Whether petitioner has really committed a breach of trust and abandoned or neglected his work as tenant by devoting himself to his other business is a question of fact, and the lower court's finding on those points is not to be disturbed if not unsupported by substantial evidence. The evidence taken in the case is not before us, the same not having been elevated to this Court; but the testimony of each witness is set forth in the appealed decision and perusal thereof precludes any assumption that the lower court's conclusions of fact in that regard are not supported by substantial proof.

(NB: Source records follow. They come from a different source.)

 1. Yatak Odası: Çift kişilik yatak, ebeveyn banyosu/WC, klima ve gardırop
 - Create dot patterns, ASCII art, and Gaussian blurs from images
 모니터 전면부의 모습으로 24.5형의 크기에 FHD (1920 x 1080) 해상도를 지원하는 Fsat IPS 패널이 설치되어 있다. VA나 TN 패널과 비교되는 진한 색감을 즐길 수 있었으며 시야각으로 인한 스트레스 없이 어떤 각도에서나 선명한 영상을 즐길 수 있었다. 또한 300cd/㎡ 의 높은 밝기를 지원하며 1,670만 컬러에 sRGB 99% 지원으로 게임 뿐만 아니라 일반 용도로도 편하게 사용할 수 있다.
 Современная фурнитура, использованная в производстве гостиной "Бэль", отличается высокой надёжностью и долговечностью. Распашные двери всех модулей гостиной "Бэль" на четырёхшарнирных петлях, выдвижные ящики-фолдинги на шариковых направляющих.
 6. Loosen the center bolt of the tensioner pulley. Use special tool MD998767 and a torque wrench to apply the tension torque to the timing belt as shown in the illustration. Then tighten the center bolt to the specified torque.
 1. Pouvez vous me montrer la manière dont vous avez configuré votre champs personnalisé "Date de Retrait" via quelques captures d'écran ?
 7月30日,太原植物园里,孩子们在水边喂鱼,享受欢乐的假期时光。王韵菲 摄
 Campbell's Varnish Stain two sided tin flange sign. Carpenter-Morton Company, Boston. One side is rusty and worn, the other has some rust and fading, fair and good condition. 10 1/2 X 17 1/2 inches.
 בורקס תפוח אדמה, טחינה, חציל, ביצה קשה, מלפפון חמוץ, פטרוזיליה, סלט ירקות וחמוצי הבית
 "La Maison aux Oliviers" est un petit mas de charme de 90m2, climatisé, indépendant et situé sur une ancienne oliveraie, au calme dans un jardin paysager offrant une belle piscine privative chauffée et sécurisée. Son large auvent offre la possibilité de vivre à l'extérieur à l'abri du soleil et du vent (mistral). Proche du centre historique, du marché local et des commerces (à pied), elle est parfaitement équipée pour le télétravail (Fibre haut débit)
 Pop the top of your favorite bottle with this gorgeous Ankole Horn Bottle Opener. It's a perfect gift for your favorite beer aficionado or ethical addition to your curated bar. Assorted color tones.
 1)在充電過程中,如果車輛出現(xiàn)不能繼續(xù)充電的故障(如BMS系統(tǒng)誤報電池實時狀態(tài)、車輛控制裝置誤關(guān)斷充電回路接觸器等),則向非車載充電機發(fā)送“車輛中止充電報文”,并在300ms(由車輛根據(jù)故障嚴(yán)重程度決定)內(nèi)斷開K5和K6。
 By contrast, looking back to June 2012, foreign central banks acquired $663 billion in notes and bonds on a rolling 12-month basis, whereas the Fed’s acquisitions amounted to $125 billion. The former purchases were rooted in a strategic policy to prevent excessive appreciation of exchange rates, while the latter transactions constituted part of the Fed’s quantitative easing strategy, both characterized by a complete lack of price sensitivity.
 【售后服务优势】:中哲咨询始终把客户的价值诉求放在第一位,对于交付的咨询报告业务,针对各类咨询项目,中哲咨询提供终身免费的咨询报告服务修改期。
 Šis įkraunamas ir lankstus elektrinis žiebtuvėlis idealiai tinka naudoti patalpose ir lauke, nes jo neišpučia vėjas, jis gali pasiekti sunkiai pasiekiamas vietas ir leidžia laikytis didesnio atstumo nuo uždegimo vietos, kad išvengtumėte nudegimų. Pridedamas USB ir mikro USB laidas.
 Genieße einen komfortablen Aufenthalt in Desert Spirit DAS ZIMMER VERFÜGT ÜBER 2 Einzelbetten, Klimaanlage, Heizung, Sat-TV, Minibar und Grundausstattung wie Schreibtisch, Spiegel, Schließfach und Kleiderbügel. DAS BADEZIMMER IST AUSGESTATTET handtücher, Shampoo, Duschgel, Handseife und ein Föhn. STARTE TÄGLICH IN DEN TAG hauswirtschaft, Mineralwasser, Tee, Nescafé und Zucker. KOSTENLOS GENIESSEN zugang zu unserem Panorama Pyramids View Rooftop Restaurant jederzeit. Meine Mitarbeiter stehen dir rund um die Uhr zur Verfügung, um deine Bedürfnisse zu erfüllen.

Such being the case, we find no justification for disturbing the order below for the termination of the tenancy here in question.
Finally, we see no point in petitioner's claim that the lower court erred in ordering him to pay for the 30 cavans of palay advanced to him as a loan for the crop year 1954-1955. With the tenancy declared terminated after the 1953-1954 harvest, each party must pay to the other that he still owes.
In view of the foregoing, the judgment below must be modified by ordering the liquidation of the 1953-1954 crop on the sharing ratio of 55% for the tenant and 45% for the landlord, after allowance of all deductible expenses under the law and the reliquidation of all previous crops, likewise on the same sharing ratio after deduction of like expenses, the reliquidation to commence from the agricultural year 1946-1947. Modified in that sense, the said judgement is affirmed, without special pronouncement as to costs.
Bengzon, Padilla, Montemayor, Bautista Angelo, Labrador, Concepcion, Reyes, J.B.L., Endencia and Felix, JJ., concur.